Your assignment
Begin at the line containing "En av våre første" in the entries below and end at the line containing "Clicking the [Save]"; transcribe that range exactly and nothing outside it.

==== Records shown

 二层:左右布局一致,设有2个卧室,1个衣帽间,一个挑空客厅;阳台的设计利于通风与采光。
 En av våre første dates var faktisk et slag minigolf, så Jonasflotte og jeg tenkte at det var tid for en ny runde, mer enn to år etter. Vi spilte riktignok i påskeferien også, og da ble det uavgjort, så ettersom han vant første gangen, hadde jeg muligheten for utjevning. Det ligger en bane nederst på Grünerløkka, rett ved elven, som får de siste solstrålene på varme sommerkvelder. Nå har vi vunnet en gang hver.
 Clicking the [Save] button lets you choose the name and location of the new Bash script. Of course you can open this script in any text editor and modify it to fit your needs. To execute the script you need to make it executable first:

========
==== Records shown

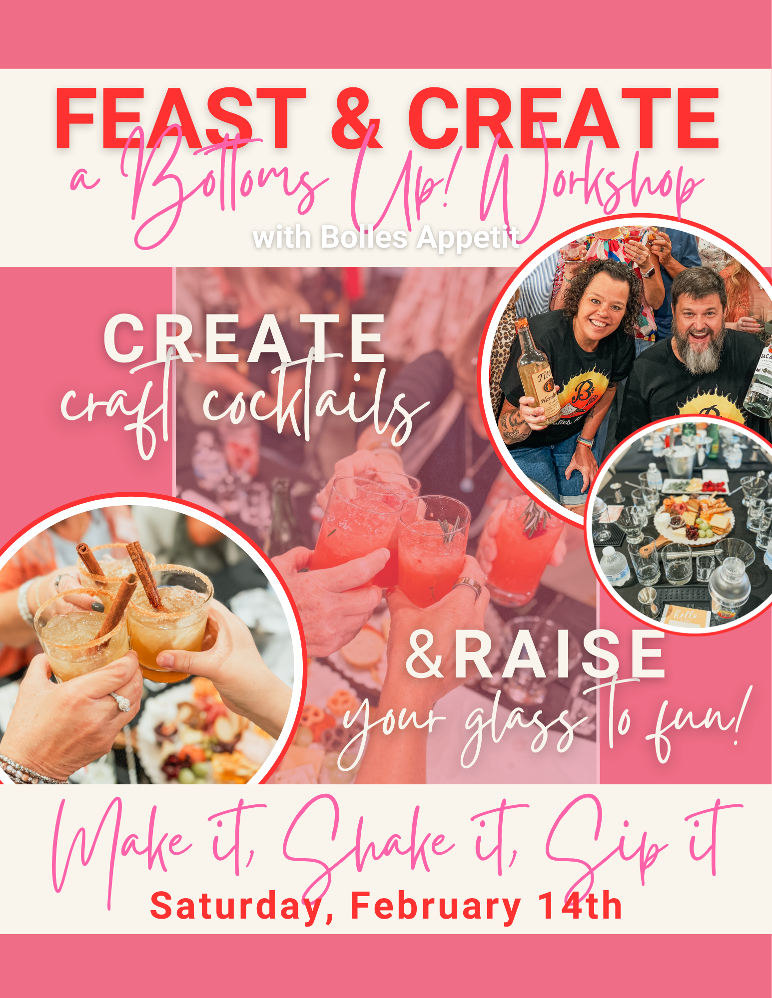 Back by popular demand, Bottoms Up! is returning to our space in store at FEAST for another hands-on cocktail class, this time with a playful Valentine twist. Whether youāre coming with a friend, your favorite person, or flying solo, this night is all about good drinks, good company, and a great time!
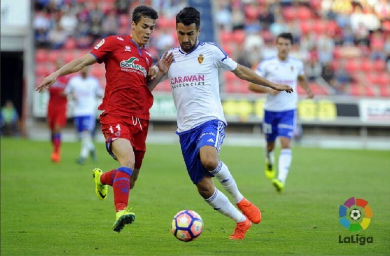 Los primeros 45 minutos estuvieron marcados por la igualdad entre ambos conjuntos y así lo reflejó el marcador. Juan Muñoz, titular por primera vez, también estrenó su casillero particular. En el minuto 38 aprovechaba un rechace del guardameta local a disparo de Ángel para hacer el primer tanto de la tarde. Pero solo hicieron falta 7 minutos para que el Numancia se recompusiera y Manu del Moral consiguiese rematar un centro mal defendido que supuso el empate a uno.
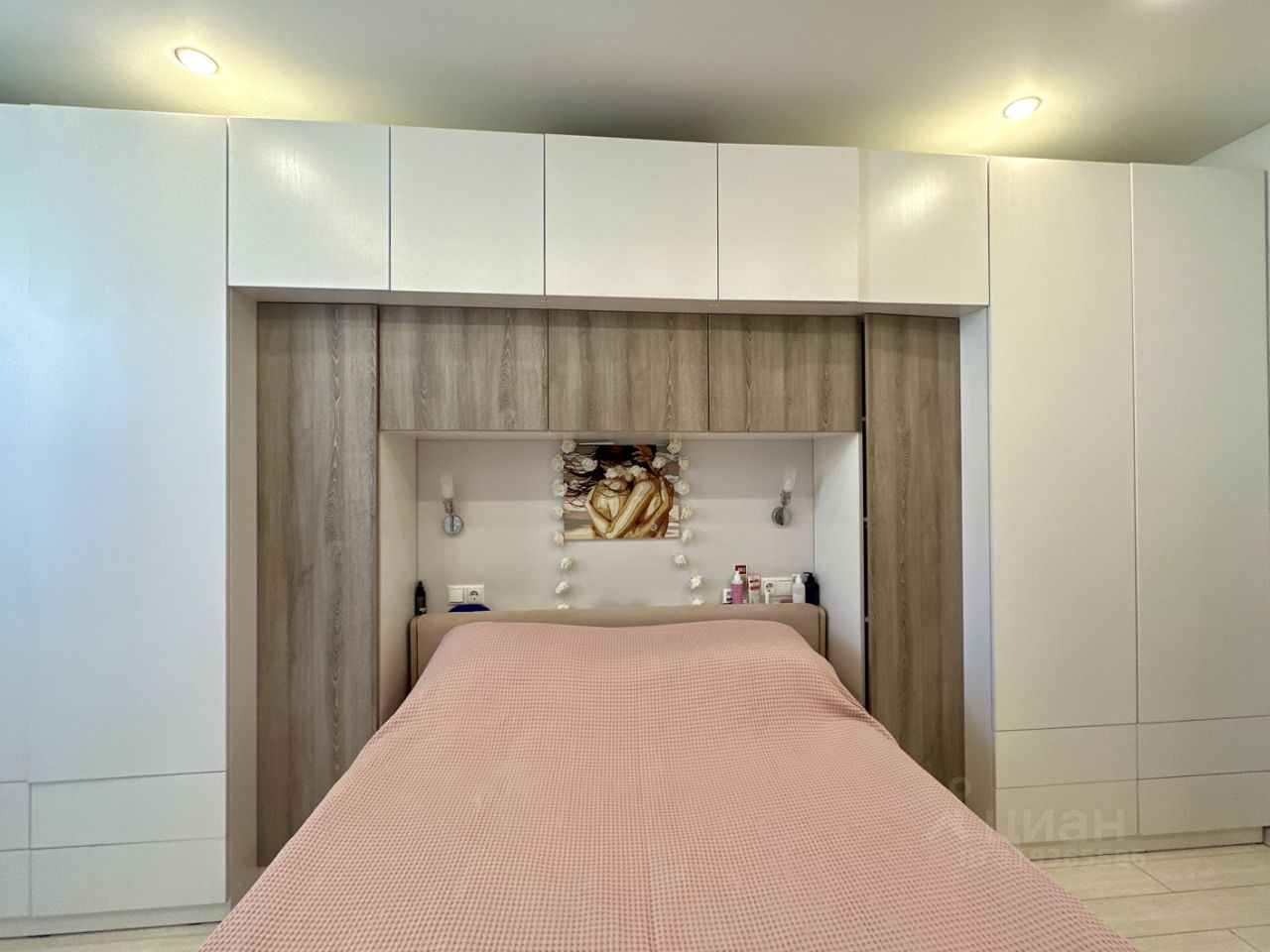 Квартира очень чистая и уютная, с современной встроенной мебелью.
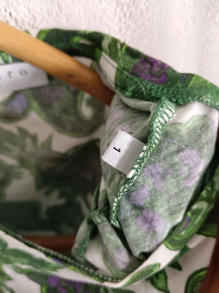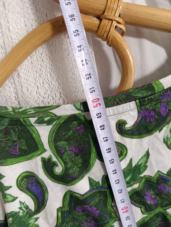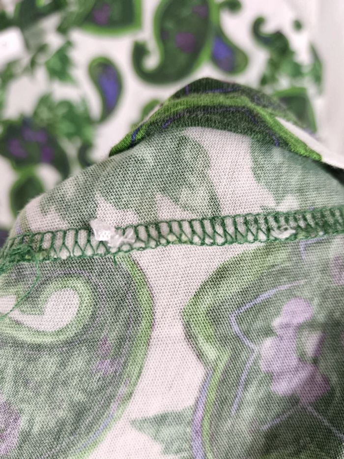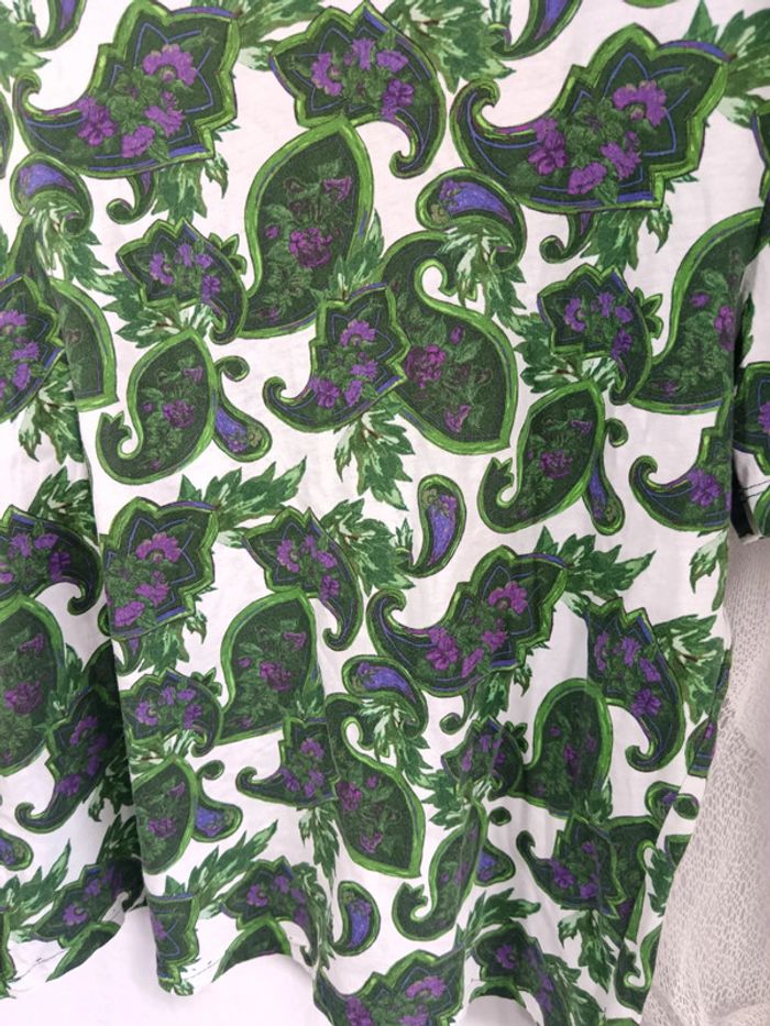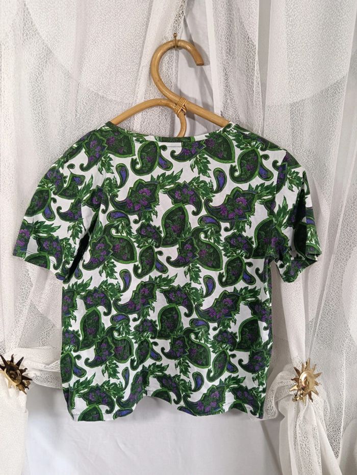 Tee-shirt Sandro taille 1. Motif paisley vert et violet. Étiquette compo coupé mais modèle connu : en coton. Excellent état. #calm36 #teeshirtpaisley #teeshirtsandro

========
==== Records shown

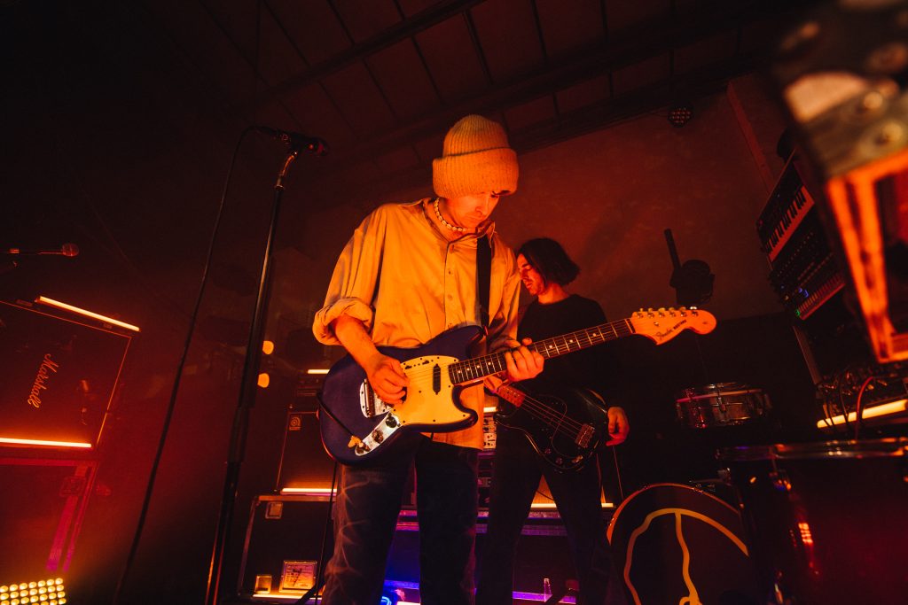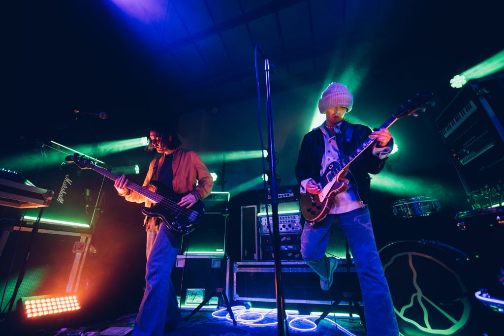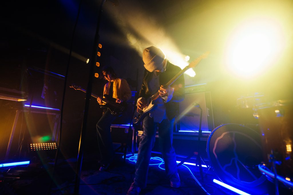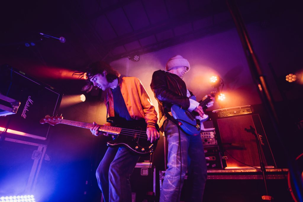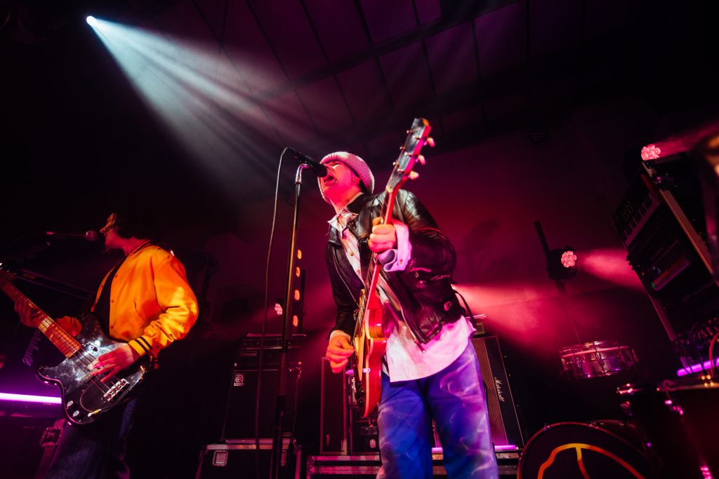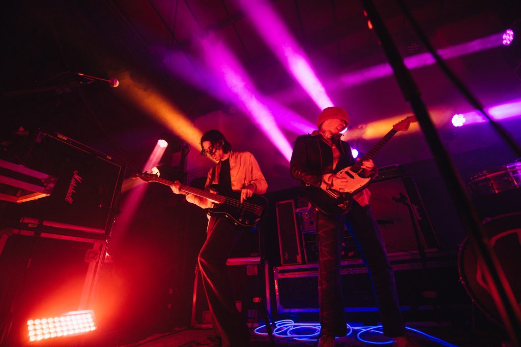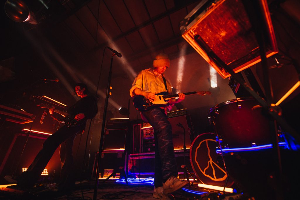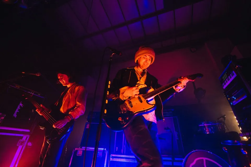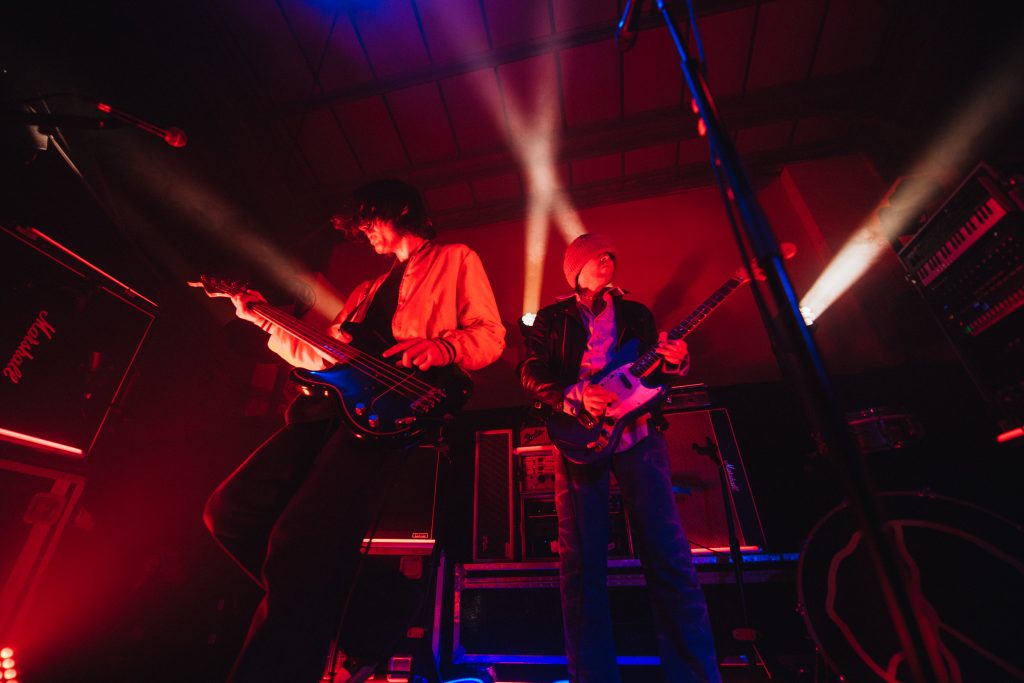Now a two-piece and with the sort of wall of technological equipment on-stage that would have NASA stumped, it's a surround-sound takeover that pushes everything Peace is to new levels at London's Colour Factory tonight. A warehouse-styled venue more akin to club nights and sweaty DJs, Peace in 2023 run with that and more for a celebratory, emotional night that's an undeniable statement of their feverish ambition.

========

Answer
 En av våre første dates var faktisk et slag minigolf, så Jonasflotte og jeg tenkte at det var tid for en ny runde, mer enn to år etter. Vi spilte riktignok i påskeferien også, og da ble det uavgjort, så ettersom han vant første gangen, hadde jeg muligheten for utjevning. Det ligger en bane nederst på Grünerløkka, rett ved elven, som får de siste solstrålene på varme sommerkvelder. Nå har vi vunnet en gang hver.
 Clicking the [Save] button lets you choose the name and location of the new Bash script. Of course you can open this script in any text editor and modify it to fit your needs. To execute the script you need to make it executable first:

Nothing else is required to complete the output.